WORK TO BE COMPLETED
Beginning at the top of the entries below, retype each line exactly until the line containing "2年前のオルガンシリーズで取" has been written out; include no pictures and no later lines.
─── MATERIAL FOR THE TASK
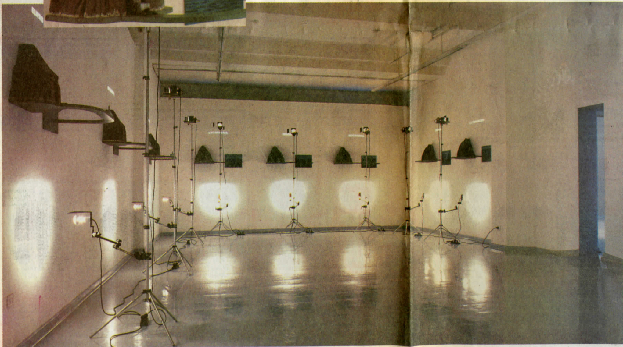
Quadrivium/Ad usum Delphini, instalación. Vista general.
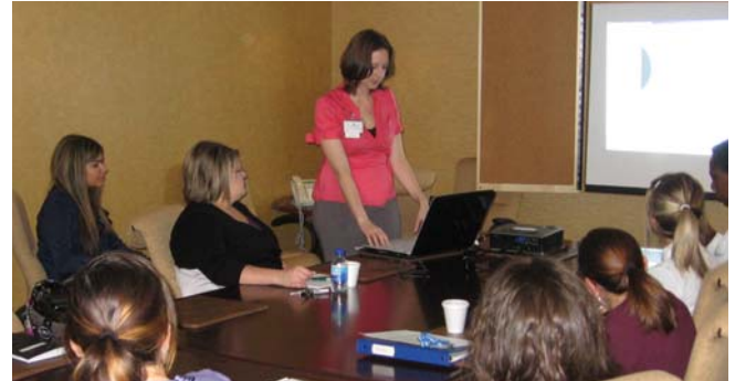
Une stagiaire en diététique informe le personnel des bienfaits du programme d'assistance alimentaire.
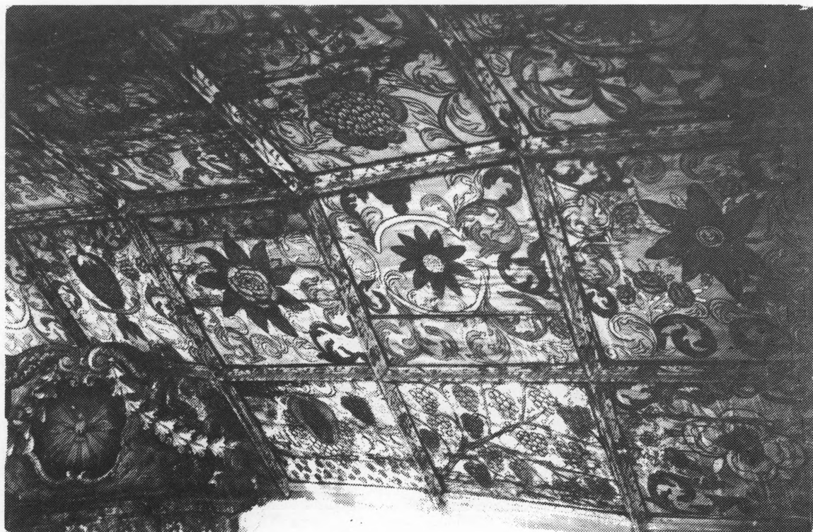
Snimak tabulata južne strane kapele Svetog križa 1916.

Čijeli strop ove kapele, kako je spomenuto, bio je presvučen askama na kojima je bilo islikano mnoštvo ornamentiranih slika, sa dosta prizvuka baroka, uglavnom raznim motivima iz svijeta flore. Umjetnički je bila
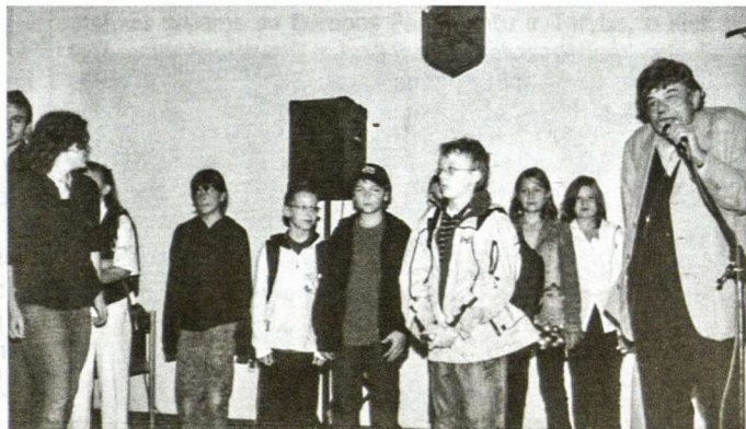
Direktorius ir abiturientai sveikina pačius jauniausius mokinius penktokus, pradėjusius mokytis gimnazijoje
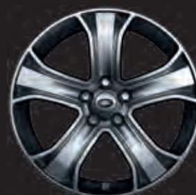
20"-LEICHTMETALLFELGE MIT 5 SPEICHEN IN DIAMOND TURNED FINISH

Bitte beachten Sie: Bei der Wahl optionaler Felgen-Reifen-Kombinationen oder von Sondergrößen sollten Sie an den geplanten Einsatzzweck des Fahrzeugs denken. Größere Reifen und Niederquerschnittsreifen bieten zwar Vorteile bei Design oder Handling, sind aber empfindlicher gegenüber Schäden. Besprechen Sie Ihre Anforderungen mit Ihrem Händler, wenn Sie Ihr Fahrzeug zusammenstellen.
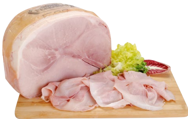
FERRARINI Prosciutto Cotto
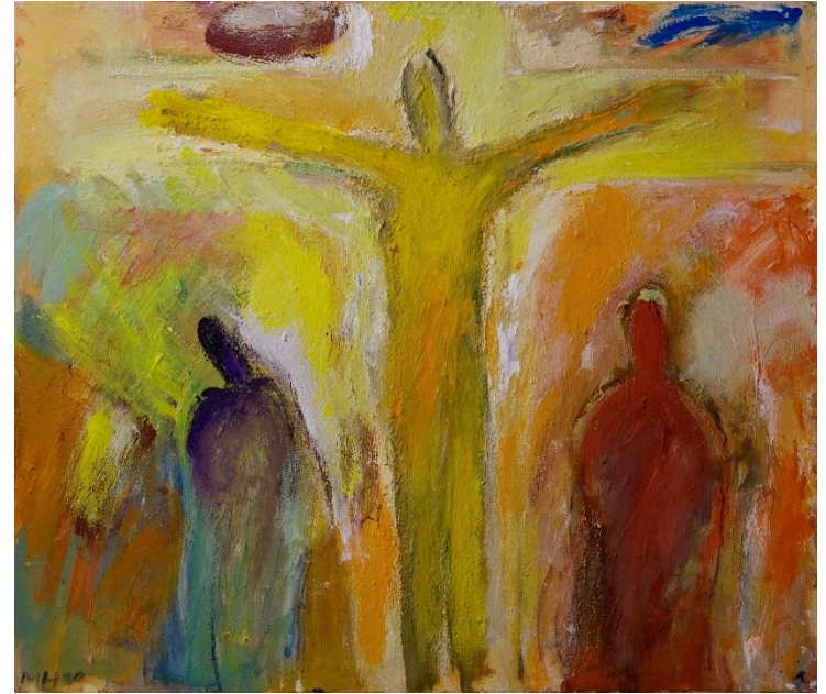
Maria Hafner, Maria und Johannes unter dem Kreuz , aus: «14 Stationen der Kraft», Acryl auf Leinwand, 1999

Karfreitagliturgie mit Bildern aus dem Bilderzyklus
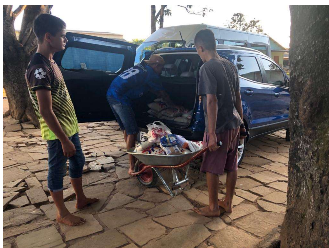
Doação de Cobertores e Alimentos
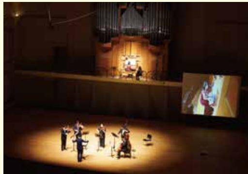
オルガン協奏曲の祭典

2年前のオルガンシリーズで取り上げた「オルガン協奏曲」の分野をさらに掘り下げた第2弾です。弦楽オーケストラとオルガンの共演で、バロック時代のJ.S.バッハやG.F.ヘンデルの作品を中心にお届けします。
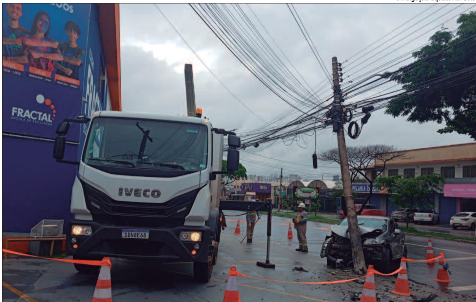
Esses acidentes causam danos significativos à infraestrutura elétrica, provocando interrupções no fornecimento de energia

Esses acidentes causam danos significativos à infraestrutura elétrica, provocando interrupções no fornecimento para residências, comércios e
──────
WRITTEN REPLY
Quadrivium/Ad usum Delphini, instalación. Vista general.
Une stagiaire en diététique informe le personnel des bienfaits du programme d'assistance alimentaire.
Snimak tabulata južne strane kapele Svetog križa 1916.

Čijeli strop ove kapele, kako je spomenuto, bio je presvučen askama na kojima je bilo islikano mnoštvo ornamentiranih slika, sa dosta prizvuka baroka, uglavnom raznim motivima iz svijeta flore. Umjetnički je bila
Direktorius ir abiturientai sveikina pačius jauniausius mokinius penktokus, pradėjusius mokytis gimnazijoje
20"-LEICHTMETALLFELGE MIT 5 SPEICHEN IN DIAMOND TURNED FINISH

Bitte beachten Sie: Bei der Wahl optionaler Felgen-Reifen-Kombinationen oder von Sondergrößen sollten Sie an den geplanten Einsatzzweck des Fahrzeugs denken. Größere Reifen und Niederquerschnittsreifen bieten zwar Vorteile bei Design oder Handling, sind aber empfindlicher gegenüber Schäden. Besprechen Sie Ihre Anforderungen mit Ihrem Händler, wenn Sie Ihr Fahrzeug zusammenstellen.
FERRARINI Prosciutto Cotto
Maria Hafner, Maria und Johannes unter dem Kreuz , aus: «14 Stationen der Kraft», Acryl auf Leinwand, 1999

Karfreitagliturgie mit Bildern aus dem Bilderzyklus
Doação de Cobertores e Alimentos
オルガン協奏曲の祭典

2年前のオルガンシリーズで取り上げた「オルガン協奏曲」の分野をさらに掘り下げた第2弾です。弦楽オーケストラとオルガンの共演で、バロック時代のJ.S.バッハやG.F.ヘンデルの作品を中心にお届けします。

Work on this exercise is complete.